1 Overview

1.1 Background

Over the past 20 years, there has been tremendous growth in human genomics, with millions of human genomes sequenced and many more to come in the future. This data, along with other biomedical information, has the potential to greatly improve our understanding of healthy living and transform healthcare. To achieve these goals, we need new approaches to research that involve cloud computing, which is the only way to effectively share and analyze data at this scale. The traditional method of genomic data sharing through centralized data warehouses is becoming unsustainable and inefficient. It creates redundant infrastructure and administrative inefficiencies that make collaborative analysis challenging, especially as datasets increase in size. This approach also leads to high transfer and download costs and poses security and compliance risks.

The NHGRI Genomic Data Science Analysis, Visualization, and Informatics Lab-Space, or AnVIL, inverts the traditional model, providing a cloud environment for the analysis of large genomic and related datasets. By providing a secure, unified environment for data management and compute, AnVIL eliminates the need for data movement, allows for active threat detection and monitoring, and provides elastic, shared computing resources that can be acquired as needed.

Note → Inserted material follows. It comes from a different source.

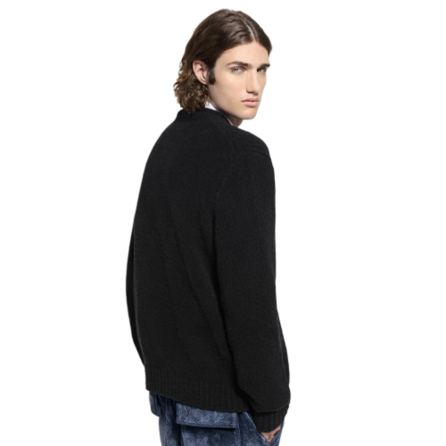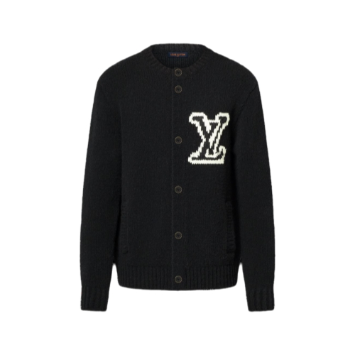 This contemporary collarless cardigan is crafted from chunky black yarn with a cozy hand-knitted effect, delivering laid-back style for effortless weekends. A contrasting LV is incorporated directly into the soft virgin wool-blend knit, lending a graphic accent to the chest. This piece makes a versatile layering option for the colder months.
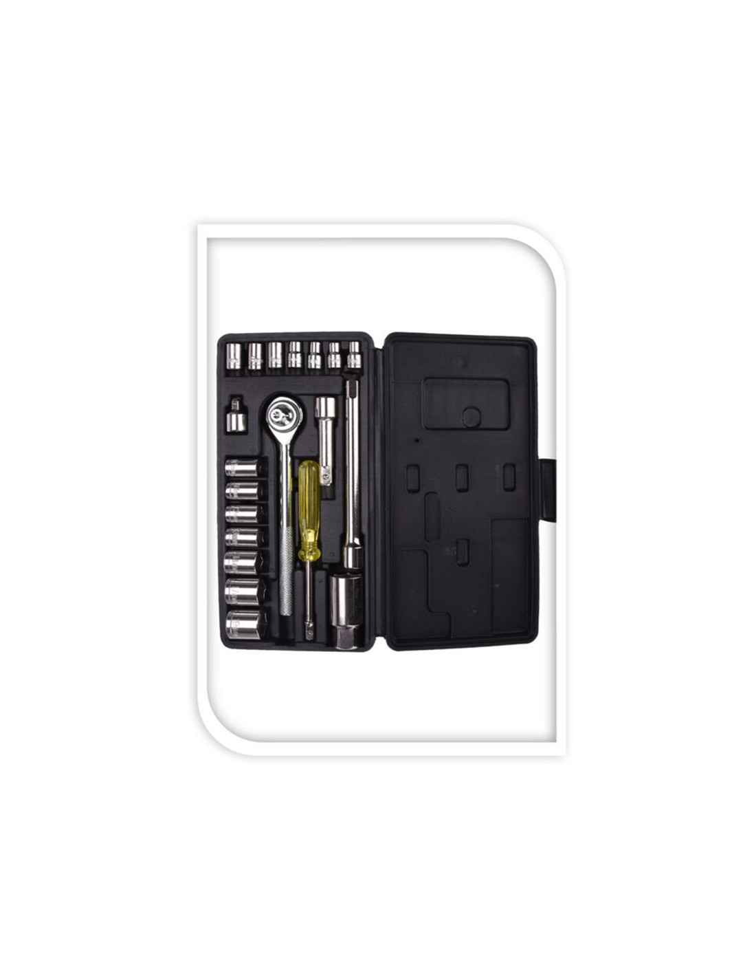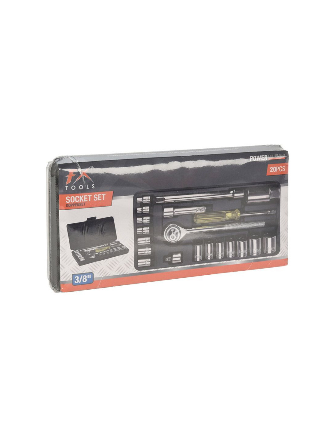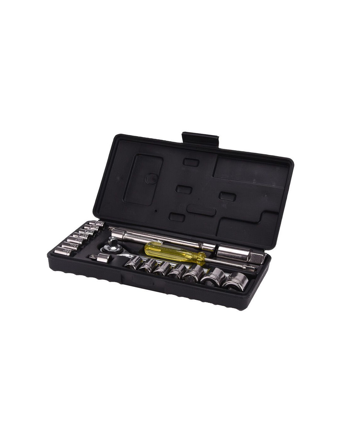 1x schroevendraaier 1/4" 1x verlengstuk 14cm 1x verlengstuk 7cm 1x adapter 3/8" > 1/4" 1x ratel 3/8" 1x 21 bougie aansluiting (13/16") 7x 3/8" aansluitingen: 19, 17, 14, 13, 12, 11, 10mm 7x 1/4" aansluitingen: 9, 8, 7, 6, 5, 4.5, 4mm 1x kunststof opbergbox afmeting box: ca. 25 x 12 x 4.5cm

AnVIL currently provides secure access to hundreds of thousands of NHGRI datasets spanning nearly 5 petabytes of data and is built from a set of established components that are accessed and connected through the AnVIL Portal at https://anvilproject.org/ . The AnVIL homepage provides researchers an entry point into these tools, along with documentation, data browser, and links to related resources.

1.2 About this Demo

The Welcome to AnVIL demo provides an overview of the AnVIL platform, its purpose, and how it can benefit researchers and the broader genomics community. We highlight some of the historic challenges of analyzing and sharing large-scale genomic data and describe how AnVIL provides a cloud-based solution for accessing and analyzing such data. We also cover key features and functionalities of AnVIL, including its compatibility with popular analysis tools/ Finally, we emphasize the importance of collaboration and community engagement in driving AnVIL’s development and future growth, providing resources to customize your journey with AnVIL.

1.3 Skills Level

Genetics

Novice: no genetics knowledge needed

Programming skills

Novice: no programming experience needed

1.4 Learning Objectives

  1. Understand the benefits of using cloud computing for genomic data analysis and the limitations of traditional data-sharing paradigms.

  2. Identify the main features and tools available on the AnVIL platform and their potential applications in genomics research.

  3. Learn how to navigate and access a Workspace, the starting point for a basic analysis using the AnVIL tools.

  4. Identify potential use cases for the AnVIL platform in your own research projects.

  5. Learn about additional resources to self-guide your discovery on AnVIL.